Chucks usually have a cylindrical base body into which a back-up spindle or the like is screwed. Clamping or holding jaws are axially supported on the back-up spindle, and retained in position by a holding sleeve or the like which surrounds the jaws. Preferably, the holding sleeve includes an essentially cylindrical sleeve element. The holding sleeve and/or the sleeve element are rotatable with respect to the base body. It is known to place between the sleeve and the base body a releasable locking arrangement. The locking arrangement locks when the sleeve is rotated in one direction, and can be unlocked, to release the clamping jaws, when rotated in the opposite direction.
Chucks which operate at high speed, that is, at high revolution of the spindle, which is typical for computer numerically controlled machines, may cause release of the lock, and hence release of the clamping jaws which clamp a tool, such as a drill, a boring tool, a reamer or the like. This may occur, particularly, if the machine is operating at high speed and then abruptly stopped. To prevent such loosening of the locking of the clamping jaws, and hence of the tool upon sudden stopping, a locking arrangement has been proposed to be placed between the base body and the sleeve in form of a ratchet which secures the base body and the sleeve with respect to relative movement in the direction of loosening of the clamping jaws. Of course, the ratchet is so arranged that the tool, and hence the clamping jaws can be tightened; relative rotation in the direction of tightening is not impeded. The selfretaining clamping function of the chuck, upon rotation in working direction, thus is retained. Such an arrangement is described, for example, in the referenced European Published Application No. 0017 748. The arrangement there described utilizes a pressure ring which is secured to rotate with the sleeve and which is axially supported on the base body by the sleeve itself. A spring-loaded ratchet latch is located on the ring which is directly operatively coupled to a gear ring located on the base body. In order to be able to open the jaws, for example in order to change tools or the like, an arrangement is provided to open the latch of the ratchet. This opening arrangement includes a rotatable release ring located at the axially backward end of the sleeve and positioned coaxially to the axis of rotation, and fitting over the ring. The opening release ring has a stop engageable with a suitable end release projection on the latch elements of the ratchet.

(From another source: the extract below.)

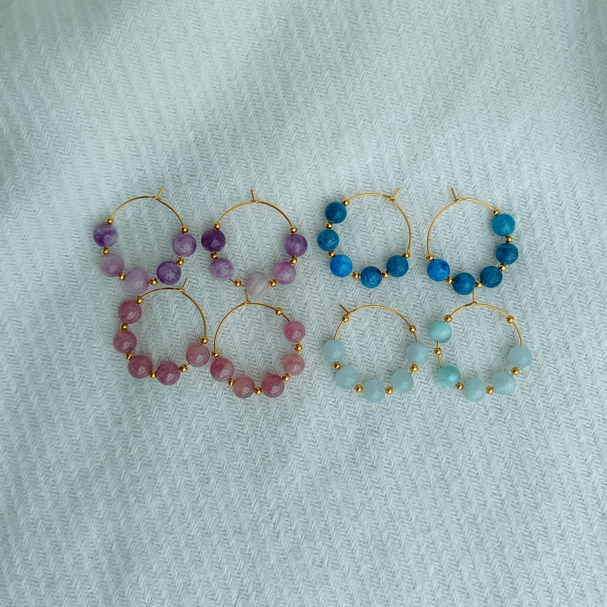 Craquez pour les créoles Olivia en acier inoxydable et leurs pierres naturelles. Choisissez la pierre qui vous convient parmi la Lépidolite, le Quartz de Madagascar, l'Angélite ou l'Apatite.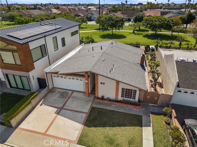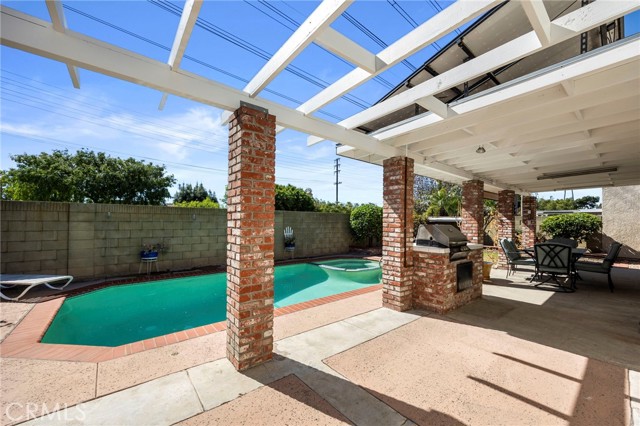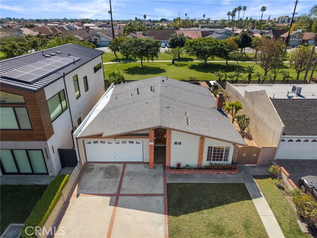 Welcome to this well-maintained three-bedroom, two-bath home in the heart of La Palma. The home features custom oak kitchen cabinets, granite countertops, and a cozy family den adjacent to the kitchen — ideal for everyday living and family gatherings. Recent upgrades include fresh interior and exterior paint, Laminate wood flooring, a new roof, and a fully paid-off solar system. The backyard is an entertainer's dream, offering a pool, jacuzzi, built-in barbecue, and plenty of space for gatherings. All improvements have been completed with permits. Enjoy an impressive variety of mature fruit trees, including golden apple, guava, persimmon, pomegranate, fig, orange, jujube, apricot, and a unique tree with five varieties of citrus fruit. A beautiful park is located directly behind the home, close to schools, shopping centers, Knott's Berry farm and convenient access to the 91 and 5 freeways. Don't miss this unique opportunity to own a home that combines comfort, style, and practicality in a prime location.

Swiss Patent No. 635,766 describes a jaw chuck which also has a circular ratchet ring and, generally, operates similarly to the chuck just described.
A ratchet lock, with a movable ratchet latch element, or a plurality of movable ratchet elements is comparatively complex and large; it requires a not insignificant space on the chuck structure. Due to the nature of the ratchet, it can operate only in steps. Consequently, the locking of the clamping force or effect of the jaws can be obtained only in steps. This is undesirable for many applications. The spacing of the steps is governed by the spacing of the teeth on the gear ring, and the construction of the ratchet, and the latch elements themselves.
German Democratic Republic Patent No. DD-PS 201 985 describes an axially short clamping chuck which has a clamping effect independent of the direction of rotation. The base body which receives the back-up spindle is rotatably located in a conical element which is directly screw-connected to a closing cap. To tighten and, respectively, loosen the clamping jaws, a worm drive is provided between the base body and the conical element to permit relative rotation thereof. The worm can be operated by an Allen wrench externally engageable in a suitable receiving portion of the worm arrangement.
The worm arrangement, however, loses the advantage of a self-tightening function of the rotating chuck. It is inconvenient to require an external separate tool in order to permit tightening of the chuck.